# Andrea Bargani



## The_Notic (Nov 10, 2005)

He's almost a lock for top 5, dubbed as the next Nowitski...

Judge for yourself, here is a short clip


http://video.google.com/videoplay?docid=6131822744621417810&q=andrea+bargani


----------



## Trogdor (Jan 29, 2006)

Slim chance we draft him since we will more than likely end up outside the bottom 5 , plus the last thing we need is another power-forward.


----------



## Dee-Zy (Jan 12, 2006)

Is it just me or the ball looks smaller?


----------



## Mr. Hobbes (Jul 1, 2005)

Bosh, CV, do the Raps need another PF?


----------



## The Mad Viking (Jun 12, 2003)

The first dunk, on the baseline, was a travel. The second one, he used his right hand where he clearly should have gone left. 

Nevertheless-

Nice form on the jumper for a big guy, and seems reasonably quick and fluid.

For such a young guy he is very productive at a high level. 

I agree he will go very high.


----------



## The_Notic (Nov 10, 2005)

Dee-Zy said:


> Is it just me or the ball looks smaller?


lol, good call.


----------



## speedythief (Jul 16, 2003)

OMFG, putting that video to a Da Brat song is priceless.

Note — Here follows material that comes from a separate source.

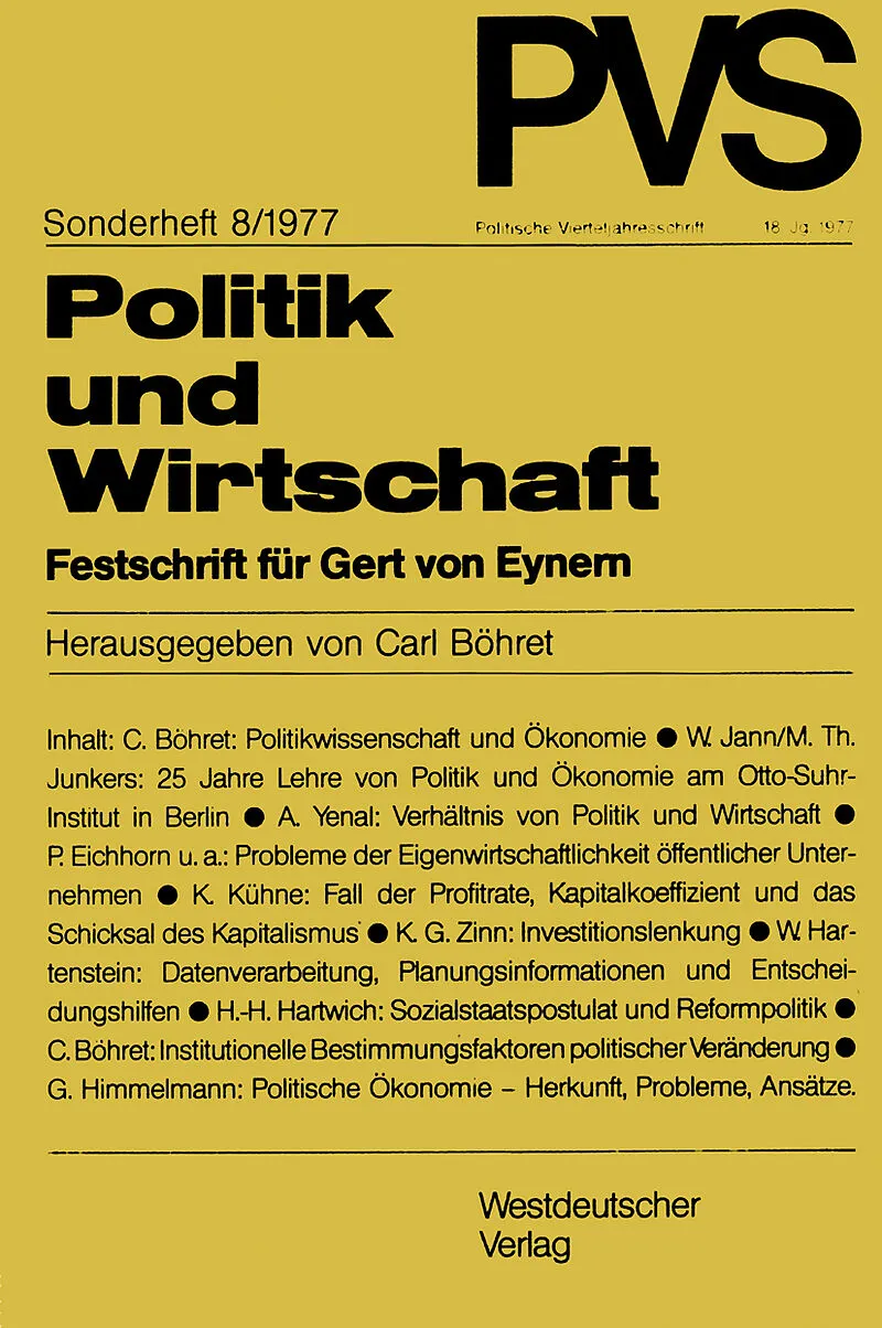 Interdependenzen von Politik und Wirtschaft. Beitrage zur Politischen Wirtschaftslehre. Fest gabe fUr Gert von Eynern, h rsg. von Carl Babret und Dieter Grosser, Berlin 1967 (638 S.). Vgl. ferner tiber Gert von Eynern: Die Hochschullehrer der Wirtschaftswissen...

So I heard Da Brat was dating David Guest. Is that the most freakish couple since... well since his last phony relationship with a woman?


----------



## butr (Mar 23, 2004)

WTChan said:


> Bosh, CV, do the Raps need another PF?



Would he be a PF? He is a legit 7-fter. If you can play at that height, you are worth a lot in this league.


----------



## bigbabyjesus (Mar 1, 2003)

I'll take three PF's as talented as Bosh, Charlie and Bargnani on my team anyday.


----------



## Dee-Zy (Jan 12, 2006)

vigilante said:


> I'll take three PF's as talented as Bosh, Charlie and Bargnani on my team anyday.


sorry if I come off as an *******, but who the **** is your quote from in your sig?

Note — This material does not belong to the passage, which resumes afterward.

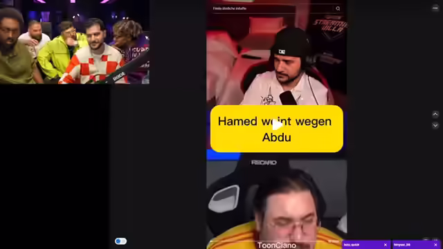 02:59:41Cut in the stream! Digga! Was geht ab? Ich dachte, wir kommen erst in einer Stunde oder so, Digga. Wie geht's? Wie seid ihr gefahren? Seid ihr angekommen? Gut. Ja, Gott sei Dank, Bruder. Welchen dämlichen bist du? Bruder, Wale hofft, diese Fragen zu stellen, Bruder. Welchen dämlichen bist du selber? Fünf, Bruder. Aber ich spiel nicht so viel bei mir. Okay. Ich mach so Packs aktuell, Draft und so, Bruder. Wer ist besser, du oder Armin? Bruder, mach diese Frage nicht. Wir hatten Binderstreit, das ist wegen dieser Fitna-Frage. Okay, wo haben wir? Da bist du gut! Du sagst, du sagst auch? Ja, Bruder, aber... Jetzt ist FIFA gekauft, Bruder. Aber? Ich versuche gerade reinzukommen, aber es ist ein bisschen hart, ja? Warum ist es hart? Ist du anfängerfreundlich, Bruder? Ja. Findest du mich? Bruder, du bist Division 5. Ja, aber ich habe noch nicht ernst gespielt, Bruder. Ich werde eigentlich 3, bestimmt. Ja, ja. Wichtig, wie seid ihr denn? Hast du dich auch geholt? Ich habe doch gar keine... Ich zock 2K gerade. Ah, Bruder, hör mal auf. Warum? 2K, Bruder. Boah, jedes Jahr. Es kommen Gäste in den Stream, darunter Sommer, Jam und Billa Joe. Es wird über FIFA diskutiert, wobei die Gäste unterschiedliche Meinungen zum Spiel haben. Es wird über Haartransplantationen und das Aussehen des Streamers gescherzt. Die Gäste bringen Geschenke mit und es wird über frühere Erlebnisse gesprochen, darunter eine Begegnung mit dem Schauspieler Vincent Cassel in Rio de Janeiro. Es wird über das neue FIFA-Spiel (EAFC) diskutiert, wobei die Gäste unterschiedliche Spielmodi bevorzugen. Der Streamer erwähnt eine Kooperation mit Wolfsburg.

It's been really bothering me.


<---- viet


----------



## Toxicity (Jul 21, 2004)

The Mad Viking said:


> The first dunk, on the baseline, was a travel.

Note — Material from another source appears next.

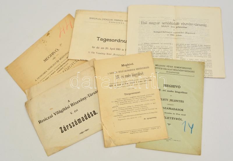 1903-1917 6 db különböző zárszámadás (Nagyenyedi Épület-Lakatosárugyár Részvénytérsaság, Hungaria Nemezgyár, Első Magyar Sertéshizlaló Részvénytársaság, Melocco Péter Cementárugyár és Építési Vállalat Részvénytársaság, stb.)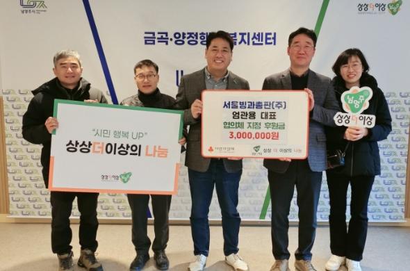 [한국뉴스타임=편집국] 남양주시 금곡양정행정복지센터는 18일 서울빙과총판 주식회사 엄관용 대표가 금곡동 지역사회보장협의체에 금곡동 어르신들을 위한 일에 사용해 달라며 300만원을 지정 기탁했다고 밝혔다.

Even if it was traveling (i don't think so), in NBA isn't called by refs... 



> The second one, he used his right hand where he clearly should have gone left.


Yeah but it's better a power right-hand finish than a soft left-hand lay up... :biggrin:


----------



## SkywalkerAC (Sep 20, 2002)

If he's available I think you have to take him. It may not work out with all three (though I see it could as they improve) but Bargnani is an incredible prospect and basketball talent.


----------



## bigbabyjesus (Mar 1, 2003)

Dee-Zy said:


> sorry if I come off as an *******, but who the **** is your quote from in your sig?
> 
> It's been really bothering me.
> 
> ...


Eminem/Royce Da 5'9.. from the song Bad Meets Evil.


----------



## The_Notic (Nov 10, 2005)

What this video doesn't really show is his incredibly explosvie first step. From what i've seen, his first step rivals Chris's, but he does not finish as hard. And IMO you can never have too many talented bigs. Swingmen are a dime a dozen. Worst comes to worst we take the better player beetween Charlie and Baragani, and package the other in a trade.


----------



## charlz (Jun 9, 2003)

The_Notic said:


> He's almost a lock for top 5, dubbed as the next Nowitski...
> 
> Judge for yourself, here is a short clip
> 
> ...


last guy dubbed the next nowitski was him http://www.nba.com/playerfile/nikoloz_tskitishvili/index.html

I would personally not make the gamble on a a eurobig with a top 5 pick there have been so many busts.


----------



## The_Notic (Nov 10, 2005)

But if you remember, Tskitishvilli (sp?) was not hyped too much until the workouts. He showed Denver some stuff, and they decided to take the gamble on Him. Andrea has been playin for a arguably top 3 Euro team, and playing against some stiff competition. Trust me, he WILL NOT be a bust.


----------



## Mr. Hobbes (Jul 1, 2005)

blowuptheraptors said:


> Would he be a PF? He is a legit 7-fter. If you can play at that height, you are worth a lot in this league.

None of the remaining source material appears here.